> _EXERCISE OBJECTIVE_
Find the line containing "nach der Schlacht" in the listing below; reproduce it and every line after, exactly. Skip pictures.

> _GIVEN DATA_
☆ ☆ ☆ ☆ ☆ ☆ ☆

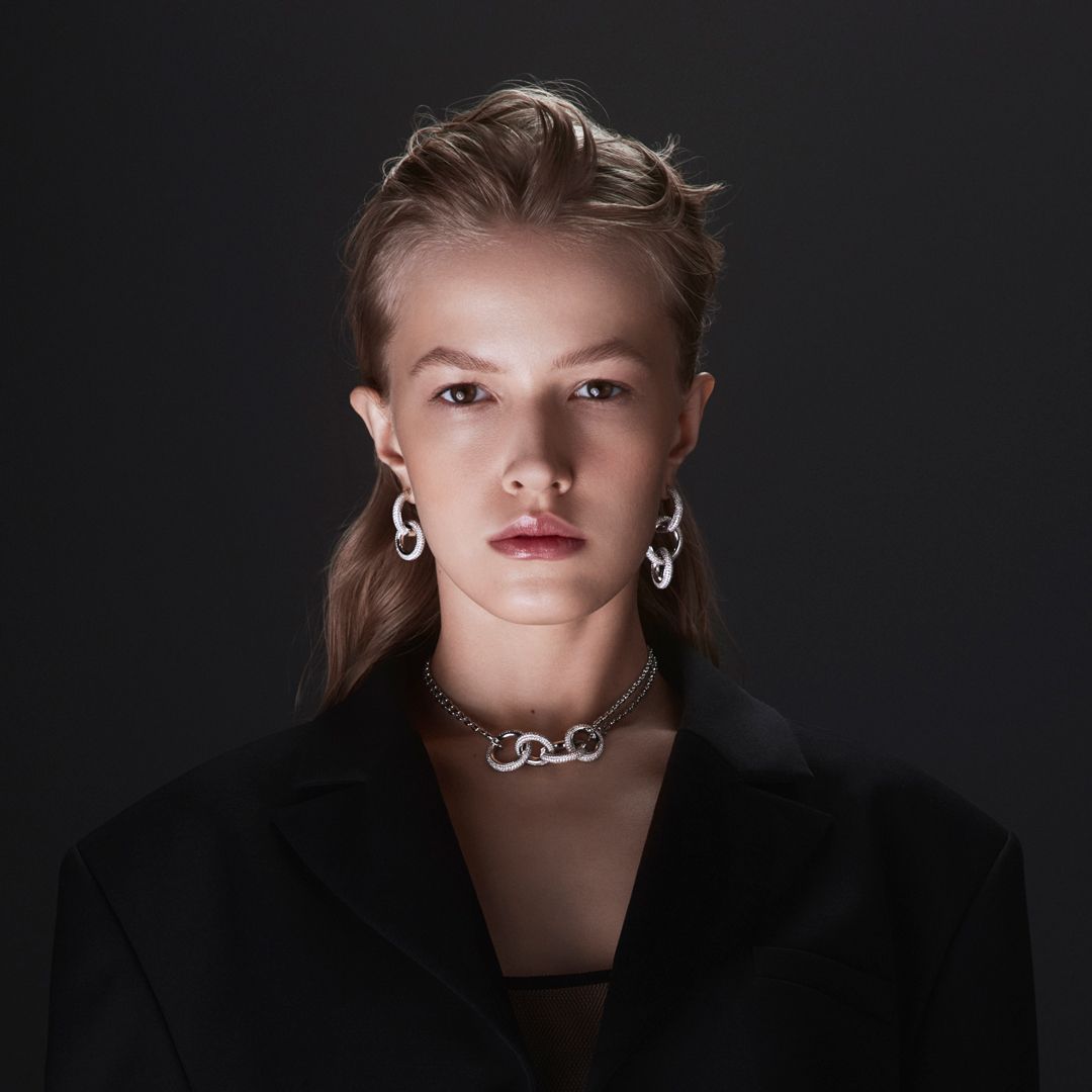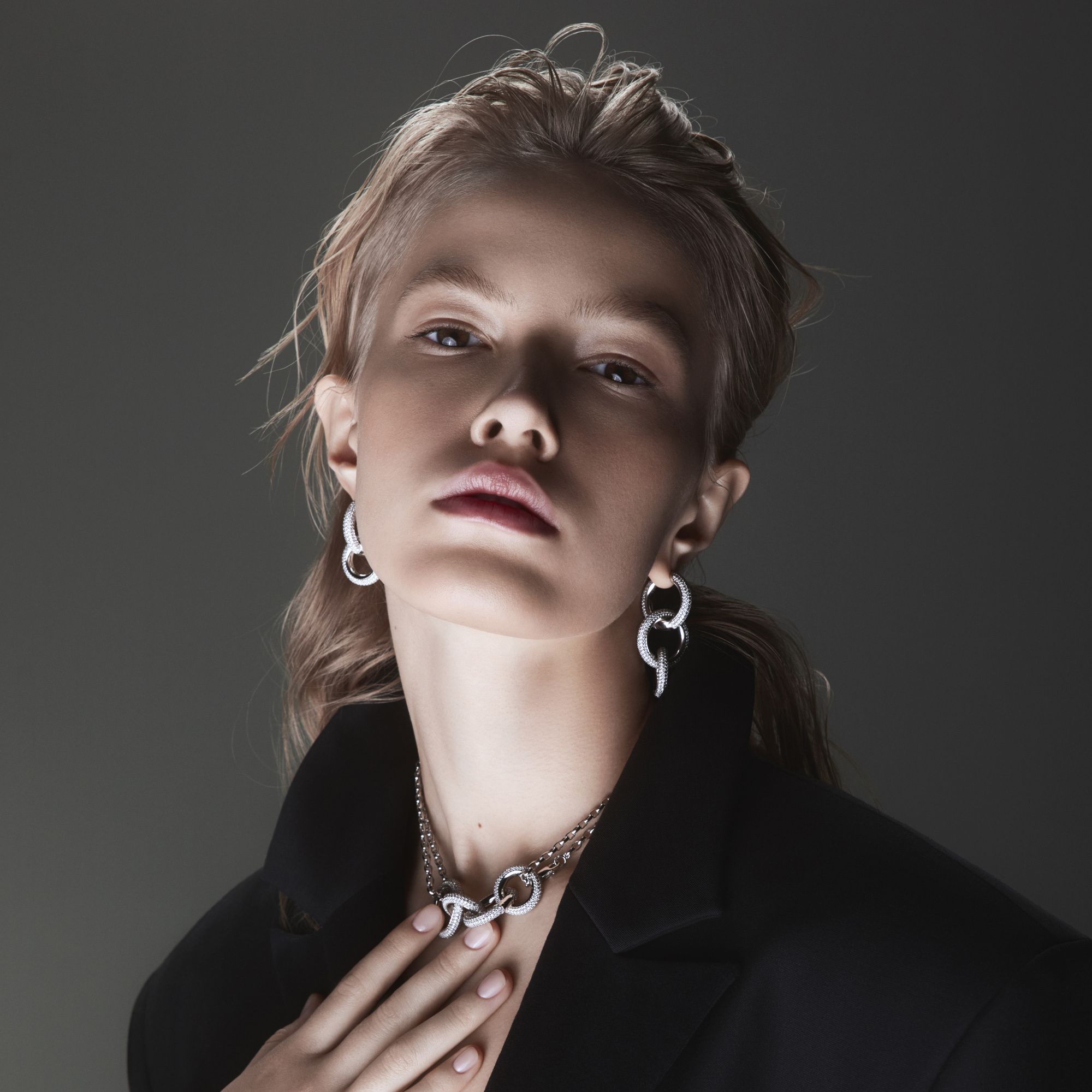 В коллекции CHAIN культовая эстетика белого золота и бриллиантовой обсыпки с уникальной закрепкой «паве» вступает в диалог с непокорным, дерзким и смелым духом street fashion. Грубые звенья модного тренда переписывают правила дизайна утонченных ювелирных украшений.
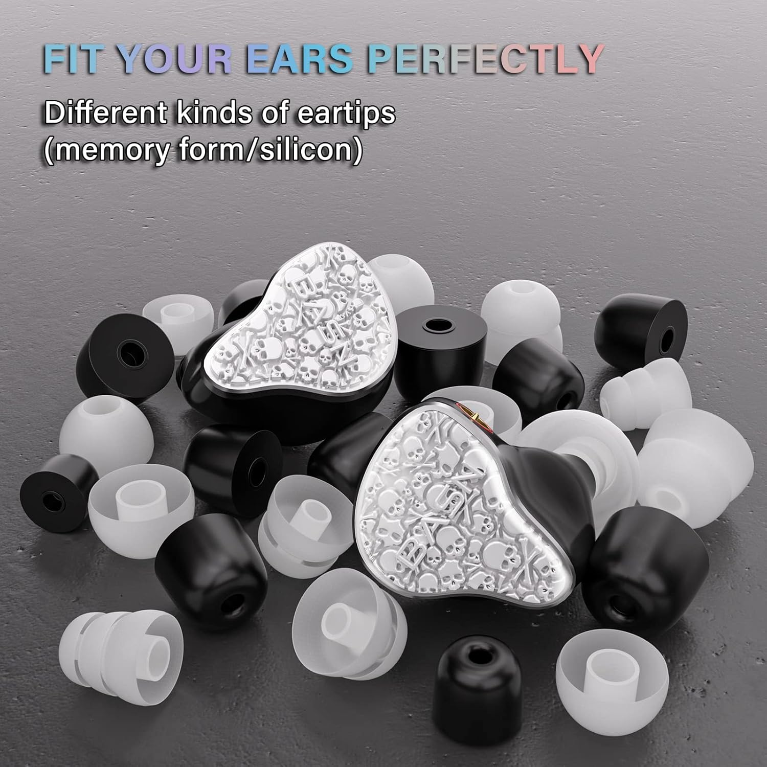 - LONG-LASTING COMFORT - Two different styles of earbud tips - silicone and memory foam - are provided in 12 sizes to establish a comfortable seal in any ear. Adjustable ear hooks ensure a perfect fit, making it feel like the iem earphones are custom tailored just for you
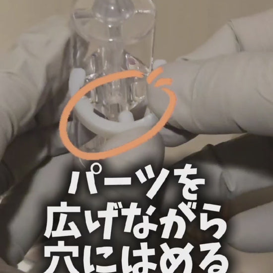 位置を決めるためのパーツは、突起物のついている方を上にして、ポールのサイドの穴に、パーツを広げながらハメます。詳しくは動画をご確認ください。
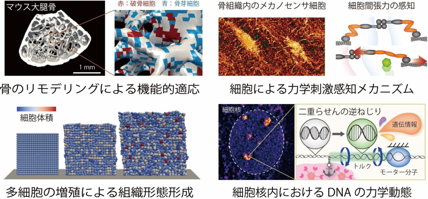 生物の発生過程における細胞分化,形態形成,成長,さらには生体組織・器官のリモデリングや再生による環境への機能的適応など,多様な生命現象における制御メカニズムの解明を目指し,力学を基礎とした学際的研究を行っている.細胞・分子レベルにおける要素過程と,それらの複雑な相互作用により組織・器官レベルにおいて創発される生命システム動態の本質を理解するため,「力学環境への適応性」と「構造・機能の階層性」に着目し,実験と数理モデリングを統合的に組み合わせたバイオメカニクス・メカノバイオロジー研究を進めている.
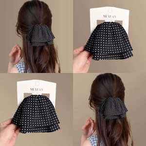 波点三层网纱飘逸灵动蝴蝶结马尾夹 半扎发后脑勺鲨鱼夹抓夹发饰
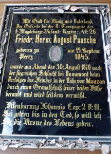 nach der Schlacht bei Beaumont bei Verfolgung der Franzosen schwer verwundet und vermisst
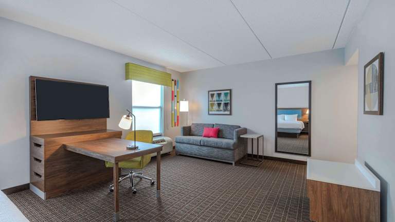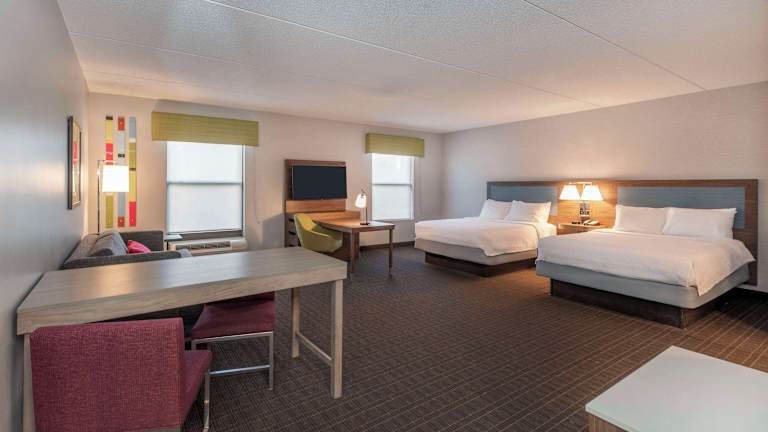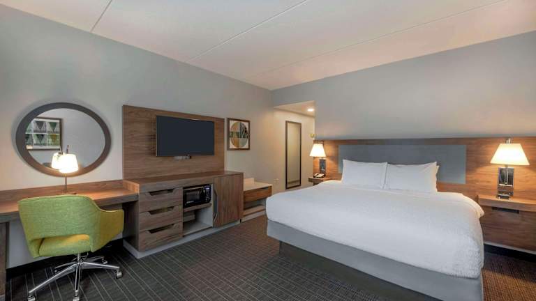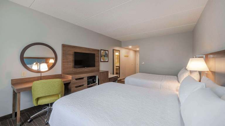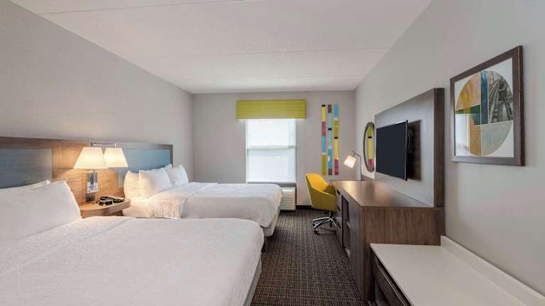 Die 92 Nichtraucherzimmer des Hampton Inn & Suites bieten den Gästen eine komfortable und gut ausgestattete Unterkunft. Die Zimmer verfügen über eine Klimaanlage, einen Flachbild-Kabel-TV, eine Kaffeemaschine und kostenfreies WLAN. Einige Zimmer bieten zusätzliche Annehmlichkeiten wie einen separaten Sitzbereich, ein Schlafsofa und einen Whirlpool. Es gibt auch rollstuhlgerechte Zimmer mit barrierefreiem Badezimmer.

☆ ☆ ☆ ☆ ☆ ☆ ☆

> _EXERCISE RESULT_
 nach der Schlacht bei Beaumont bei Verfolgung der Franzosen schwer verwundet und vermisst
 Die 92 Nichtraucherzimmer des Hampton Inn & Suites bieten den Gästen eine komfortable und gut ausgestattete Unterkunft. Die Zimmer verfügen über eine Klimaanlage, einen Flachbild-Kabel-TV, eine Kaffeemaschine und kostenfreies WLAN. Einige Zimmer bieten zusätzliche Annehmlichkeiten wie einen separaten Sitzbereich, ein Schlafsofa und einen Whirlpool. Es gibt auch rollstuhlgerechte Zimmer mit barrierefreiem Badezimmer.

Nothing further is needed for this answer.